反改憲、反安保法制、反原発
安倍首相のそそっかしい改憲論には、ゆったり構えて対処すればいいのではないか。国民は誰も、急いで改憲しないと生きていけないとか思っていないので、野党が悠長に構える方が安倍首相の上っ滑りを際立たせる。
とにかく安倍首相は焦っていて、それは森友・加計学園疑惑で追い詰められて、何とか別の方向に捌け口を見つけようとする動機不純に根ざしている。日本会議向けのビデオ・メッセージと読売新聞とのインタビューで唐突に「9条加憲論」を打ち上げて、国会で問われると「読売新聞を読め」というような態度は常軌を逸していて、自民党内でも保岡興治、船田元、中谷元ら“憲法族”から反発があり、公明党にも戸惑いが濃厚である。

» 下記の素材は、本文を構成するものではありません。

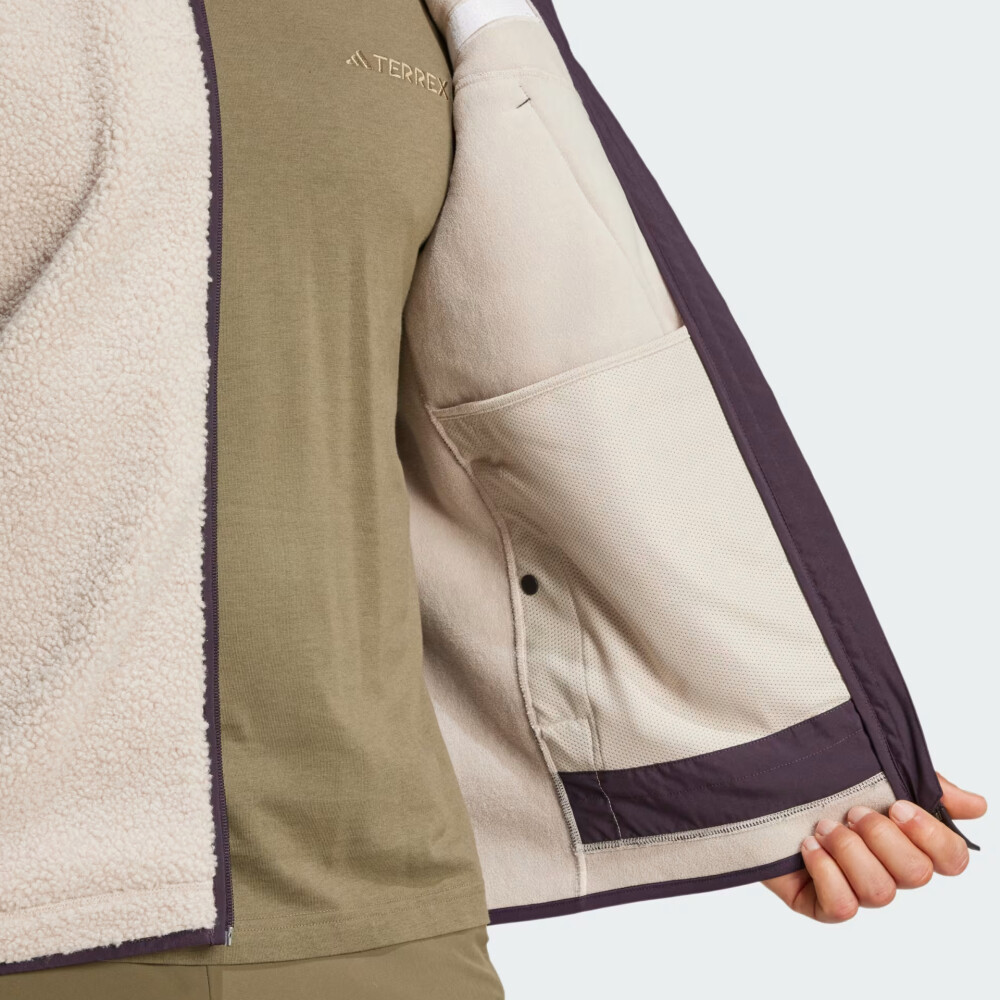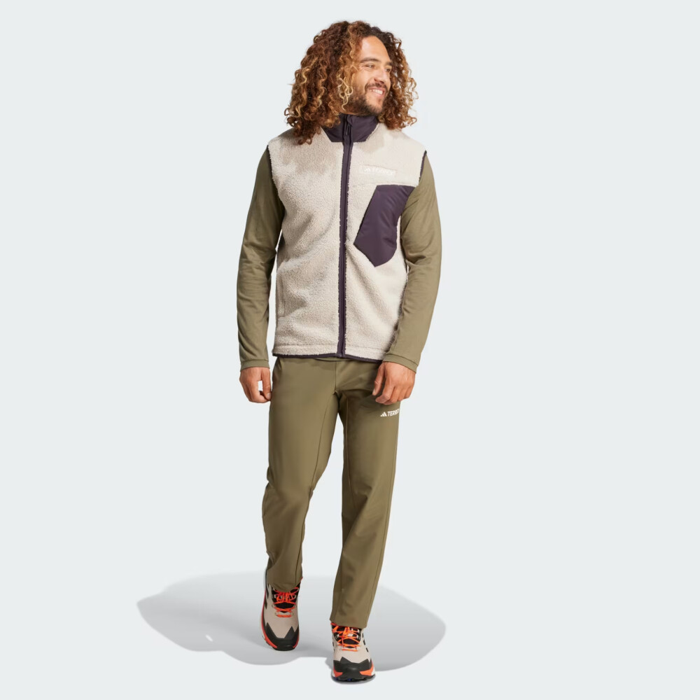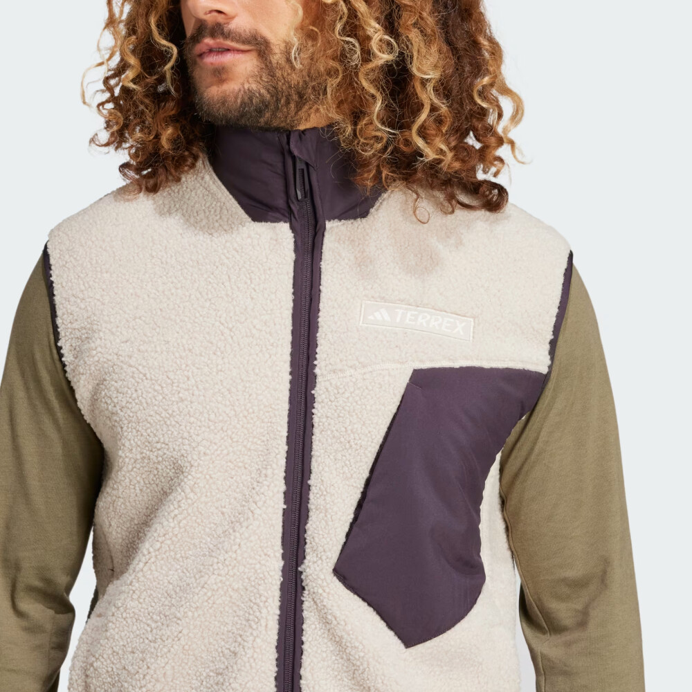 Колекція Adidas Terrex створена для любителів активного відпочинку на природі. Кожен елемент колекції виготовлений з урахуванням найвищих стандартів якості та функціональності, що гарантує комфорт у будь-яких умовах. Куртка-жилет Adidas Xpl Hp Fl Vst дозволить Вам впевнено вирушати на зустріч новим пригодам. Він виготовлений з флісу з високим ворсом ззовні та м’яким полярним флісом усередині, тому відмінно зберігатиме тепло, незалежно від того, подорожуєте Ви в горах чи блукаєте містом. Класичний крій жилета не сковуватиме Ваших рухів, а зручні для рюкзака плечові шви дозволятимуть комфортно носити спорядження. Нагрудна на блискавці та бічні кишені забезпечуватимуть зберігання корисних дрібничок, які завжди мають бути під рукою. Куртка-жилет декорована нашивкою з логотипом, що підкреслюватиме Вашу прихильність до стилю Terrex. Adidas піклується про зниження впливу на довкілля, тому модель виготовлено зі 100% перероблених матеріалів, що є лише одним з рішень, які допомагають покласти край пластиковим відходам.

安倍側近の間では、2018年中の総選挙か2019年夏の参院選のどちらかと改憲国民投票を同日実施するという案が当たり前のように語られているけれども、これは実は2007年の国民投票法成立に至る議論の中で、全く性格の違う2つの支持獲得運動を同時に行うことは「不可能」と結論が出ていることで、それでも安倍側近がそれを言うのは、10年前の議論への無知と、もう1つは、同日で実施すれば、仮に改憲投票で負けても総選挙で負けなければ安倍首相が退陣しなくて済むという“計算”なのだそうで、余りに姑息な政局思惑である。
これに対しては、自民党の二階俊博幹事長も16日、「こういう大きな問題は、1つ1つ丁寧にやればいいと思う」と、同日論をはっきりと否定した。

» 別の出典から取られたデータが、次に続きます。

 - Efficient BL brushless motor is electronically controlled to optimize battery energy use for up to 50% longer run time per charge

民進党の枝野幸男=党憲法調査会会長は、16日の会合で、憲法第9条は専守防衛に徹すること、7条を利用した首相の衆院解散権を制約すること、国と地方のあり方を明確にすることなどを中心に、全国で支持者との対話集会を開く方針を決めたが、それでいいのではないか。

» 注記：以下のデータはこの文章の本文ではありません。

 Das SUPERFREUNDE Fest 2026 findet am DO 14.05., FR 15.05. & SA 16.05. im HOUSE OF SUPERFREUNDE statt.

秘密保護法、安保法制、共謀罪という一連の戦時体制化方策に関しては、いずれ政権を奪回して全部をめくり返すことになるのだろうが、それは対話を通じての近隣外交とその先の北東アジア、そして東アジアを包括した「地域共同体」の形成の構想と裏腹にならなければ実現しないだろう。
反安保法制に関しては、政権を奪って集団的自衛権容認の閣議決定廃止、従ってそれを根拠にした安保法制も無効化する。反原発に関しては連合≒電力労連という呪縛と決別して、原発再稼働には一切反対、時間はかかっても順次、再生可能エネルギーへの転換を着々と進めるという方向で、その工程表を示せばいいのではないか。
連合は地方では電力や電機の力が強くて、野党共闘の妨げになっている場合が少なくないが、民進党としては無視すればいいのではないか。電力労連など、組合内で調査すれば、若い層を中心に自民党支持が大多数で一般的な世論調査結果と何ら変わりはなく、民進党が大事にしなければならない支持基盤でも何でもない。「脱原発を言うなら支持できない」とか言われても、「あ、そうですか、どうぞ」と言っていればいいのである。それで何票も減ることはない。
以上のような政策的な打ち出し方を一言でいえば「リベラルの旗」ということである。民進党がいつまでも「中道」とか「センター」とかいう足して二で割る無価値路線を掲げていると、永久に政権は獲れない。
次の衆院選は野党共闘を深化させるには、民進党のリベラル路線と共産党の左翼路線とがどこまでどういう風に折り合いを付けられるかということが主軸であるけれども、民進側に明確な路線が立っていなければそもそもその議論が成り立たない。